Having identified the identity of the hot block, you may find that it is an index root or branch block.  If this is the case, there are two application design changes that may help.
  1. Consider partitioning the table and using local indexes.  This might allow you to spread the heat amongst multiple indexes (you will probably want to use a hash partition to ensure an even spread of load amongst the partitions).
  2. Consider converting the table to a hash cluster keyed on the columns of the index.  This allows the index to be bypassed completely and may also result in some other performance improvements.   However, hash clusters are suitable only for tables of relatively static size, and determining an optimal setting for the SIZE and HASHKEYS storage parameters are essential.
If the block is a table block that just happens to be very heavily accessed, then perhaps partitioning can still help by spreading the load across multiple partitions.  However, if it actually a single row that is hot, then you may need to review your application design.  Alternatively, you can try adjusting the _spin_count parameter (as discussed below).

Is latch contention inevitable?

While conducting performance tuning consultancies or visiting customer sites over the years I have noticed that the most highly optimized databases running on the most high end hardware seem to be the ones that suffer most significantly from latch contention.

It would appear that as we remove all other constraints on databases performance, contention for latches becomes the ultimate limiting factor on database throughput.   

Imagine we have a perfectly tuned application:  we have allocated sufficient memory to the SGA and have a sufficiently low latency IO sub-system that waits for IO are negligible.  CPU is abundant and exceeds the demands of the application.  When we reach this highly desirable state the database will be doing almost nothing but performing shared memory accesses and hence latches – which prevent simultaneous access to the same shared memory areas - will become the limiting factor.

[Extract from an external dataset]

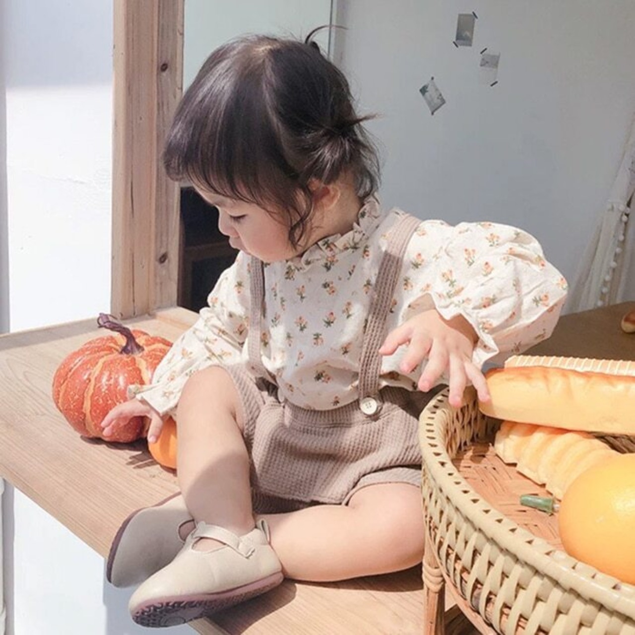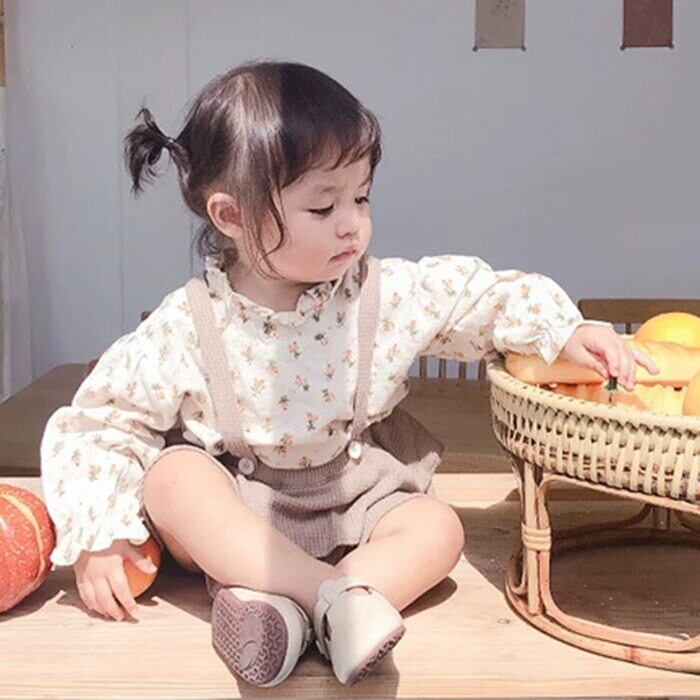 ヴィンテージスプリングオータムフローラルブラウス シャツ ロンパース オールインワン ドレス コットン 春物 秋物 花柄 ビンテージ mi5348996852090

So it may be that some degree of latch contention – possibly on the cache buffers chains latch – has to be accepted in very high volume systems running on extremely powerful hardware.

Investigating spin_count

Back when I started working with Oracle (Oracle version 5 if you must know ), the spin count parameter  (or latch_spin_count) was a documented parameter and many DBAs attempted to adjust it to resolve latch contention.  However, ever since Oracle8i the parameter is been “undocumented”: it does not appear in v$parameter and is not documented in the Oracle reference manual - it's now the hidden parameter "_spin_count".  Why did Oracle do this?

The official Oracle Corporate line is that the value of spin_count is correct for almost all systems and that adjusting it can cause degraded performance.  For instance Metalink  Note:30832.1  says: “If a system is not tight on CPU resource SPIN_COUNT can be left at higher values but anything above 2000 is unlikely to be of any benefit.”.   However,  I think the real reason is that Oracle was unable to provide good guidance on the correct value for _spin_count and therefore decided that - since adjusting it was just as likely to cause harm as to improve performance - the best option was to address latch contention through other means.

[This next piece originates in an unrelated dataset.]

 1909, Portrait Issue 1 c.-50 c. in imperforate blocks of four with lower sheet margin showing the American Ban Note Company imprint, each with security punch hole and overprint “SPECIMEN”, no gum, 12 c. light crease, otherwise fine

What I've found is that that higher values of _spin_count can relieve latch contention in many circumstances and I think Oracle depreciated the parameter incorrectly. But, I do think it's critical that any adjustment to _spin_count be performed with some valid measurement structure in place so that you can determine if the change of parameter has had a beneficial effect.

Oracle set the default value of spin_count to 2000 in Oracle7.  Over the subsequent 10 or so years,  CPU clock speed has increased by more than a factor of 10.  This means that Oracle systems are spending a decreasing amount of time trying to obtain the latch before dropping into a sleep.  So it is arguable that the default value of spin_count should have been increased with each release of Oracle.

I conducted some experiments into the effect of adjusting spin count on the performance of a system suffering from heavy latch contention. For my research, I created a simulation in which severe latch contention was induced on an 11g database.   I then adjusted _spin_count programmatically across a wide range of values and recorded the impact on database throughput, latch waits and CPU utilization.  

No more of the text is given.